El Mayo francés fue para Deleuze lo que análogamente para


nosotros lo fueron las reiteradas derrotas del proyecto de
Allende, de la transición y, en parte, de los movimientos
multisectoriales articulados durante la última década en Chile. Es
a partir del reconocimiento de estos fracasos colectivos que
quizás debiésemos recuperar –a veinte años de su muerte– la
fórmula o, más bien, la consigna que defendió por años junto a
su amigo y compañero Félix Guattari: la revolución no puede
estancarse ni heredarse sin perder su misma condición
emancipatoria; la revolución es, contrariamente, un acto de
creación radical que emerge y arremete desde condiciones
concretas pero que no mantiene una continuidad respecto del
pasado ni se justifica por éste. Desde Deleuze, hacer política ya
no puede ni debe responder solamente al cumplimiento de un
programa de partido, ni de justificar –cual grupo de teólogos– los
dichos y predicciones de Marx o de Proudhon, ni menos aún de
despolitizar aquello que en su propia constitución empapa toda la
vida social de un pueblo, pues ella (la política) se trata –en
primera y última instancia– de la conquista de una felicidad que
solo puede vivirse y experimentarse comúnmente, y cuya
fragilidad reside precisamente en creer que la llamada “conciencia
política” es el punto clave para su realización.

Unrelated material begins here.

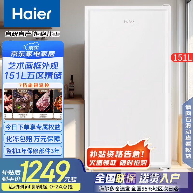 海尔(Haier)冰柜家用 立式新一级节能抽屉式小冷柜 深冷速冻海鲜冷冻柜冷藏小冰柜 152升 +风冷无霜+黑金净化抗菌+电子控温¥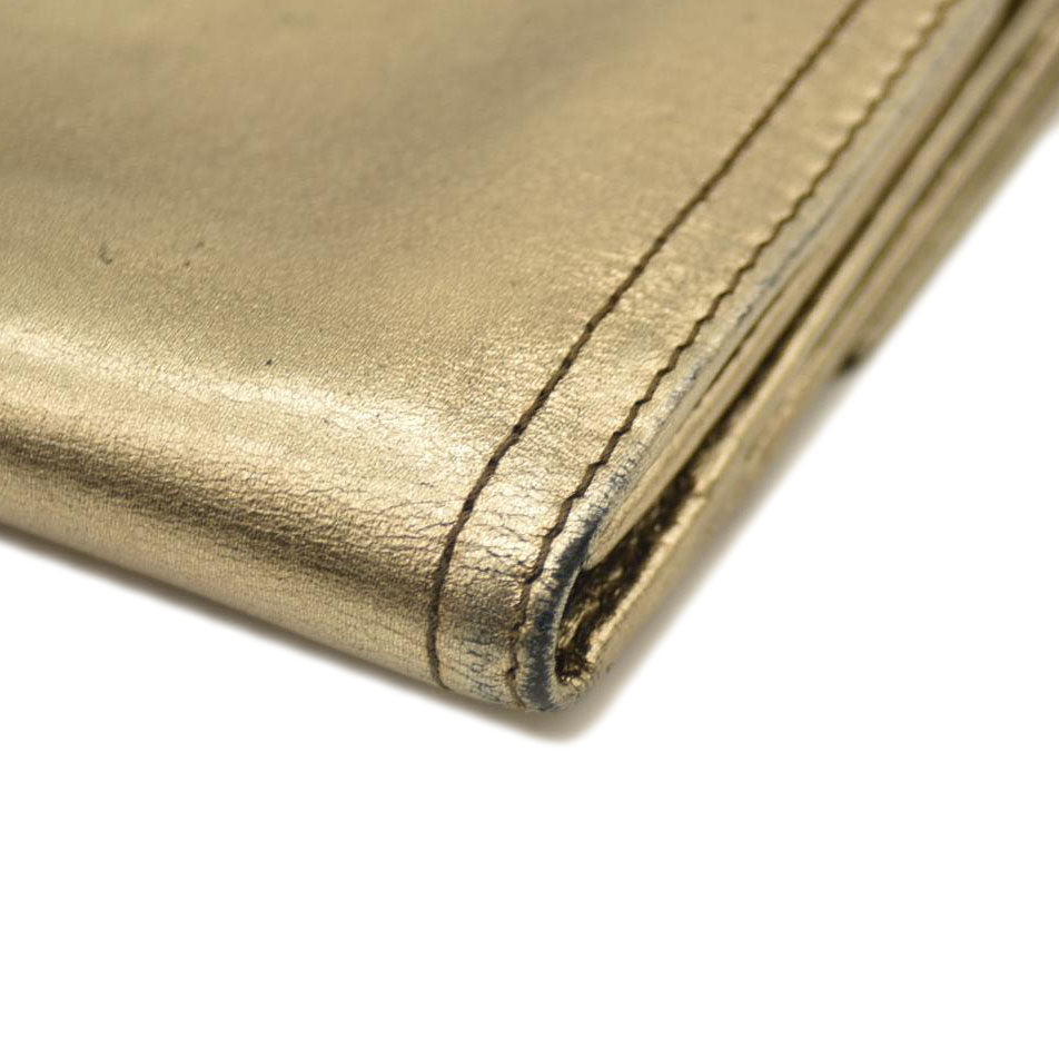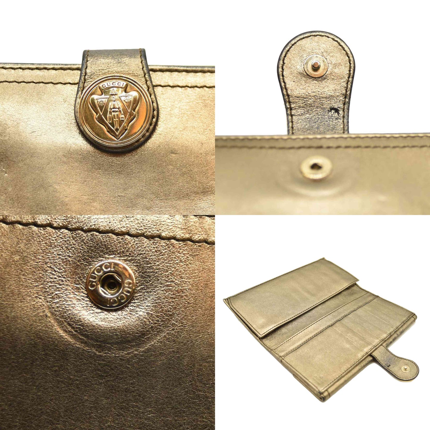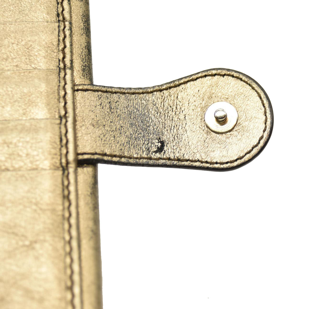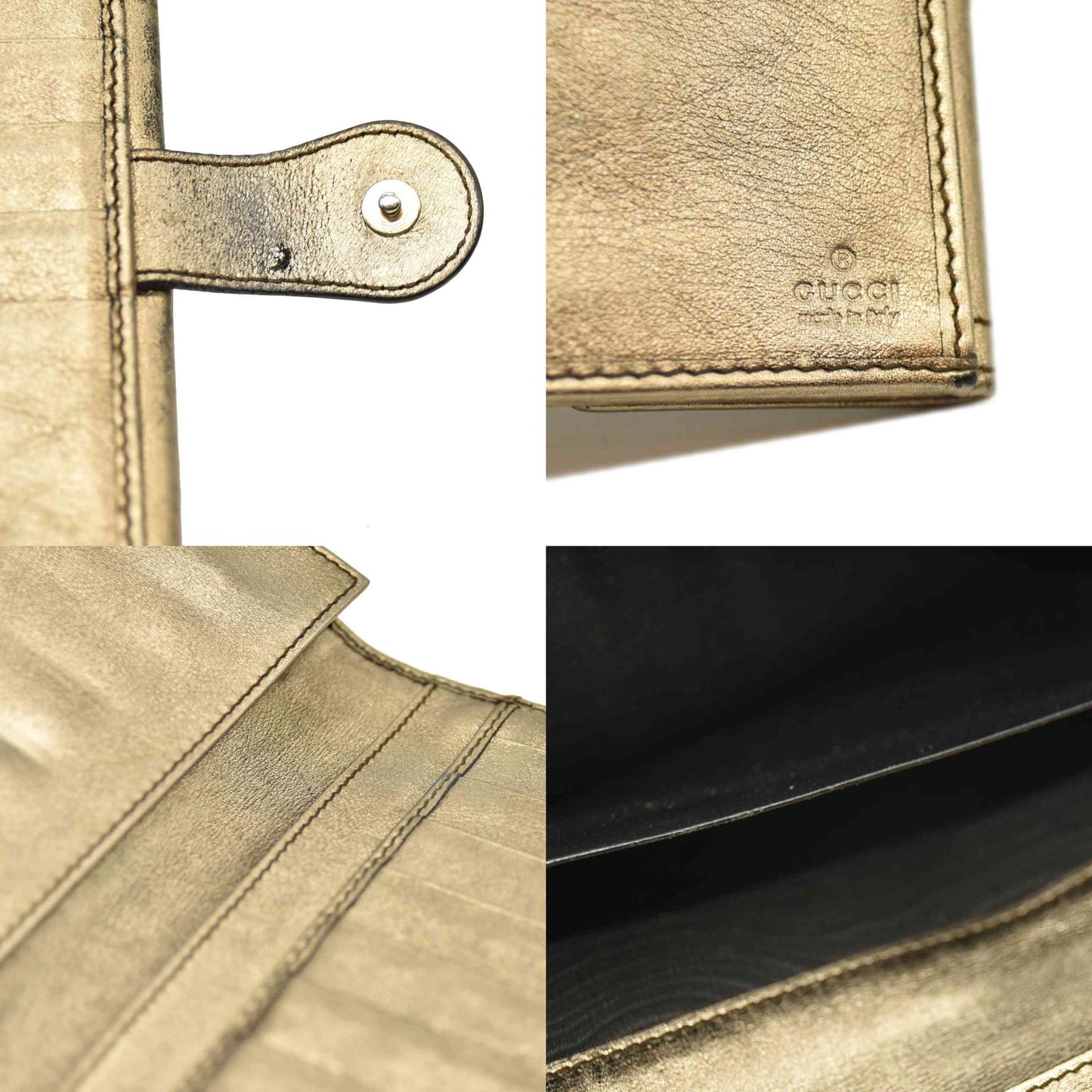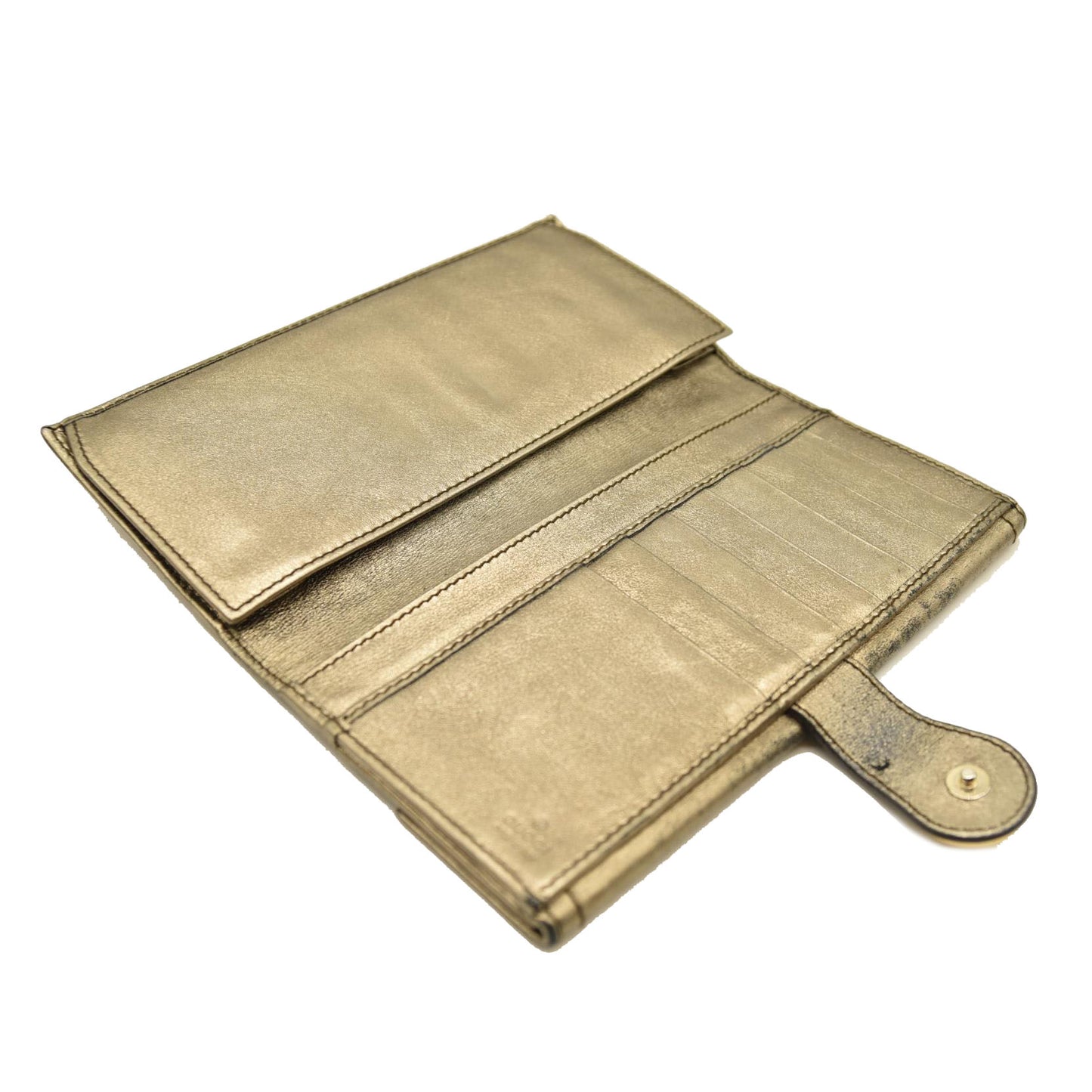 This is an authentic GUCCI Metallic Calfskin Hysteria Continental Wallet in Gold. This stylish wallet is finely crafted of gold patent leather with a frontal Gucci emblem on the cross over strap. This unsnaps to a chocolate brown leather interior with an accordion style dual compartment bill pocket, multiple credit card slots and patch pockets. The reverse flap unsnaps to a brown leather coin compartment. This is a beautiful wallet for all of your everyday needs, from Gucci!

La política no tiene ya, entonces, solo una dimensión racional-


consciente, sino que ella se ve complementada y hasta
determinada por un nivel inconsciente mucho más difícil de
descifrar. Y es por esto –nuevamente– que la revolución debe en
su propia crítica crear nuevas formas de articular los espacios
comunes donde toda acción y gesto devenga y pueda devenir
emancipatorio, de esos lugares que deben entenderse ahora desde
otra esfera, que resistan a la institucionalización excesiva, a la
jerarquización vigorosa y al aplazamiento de su accionar
concreto: la revolución se hace en el mismo instante que se crea,
pudiendo solo así exhibir su condición tal.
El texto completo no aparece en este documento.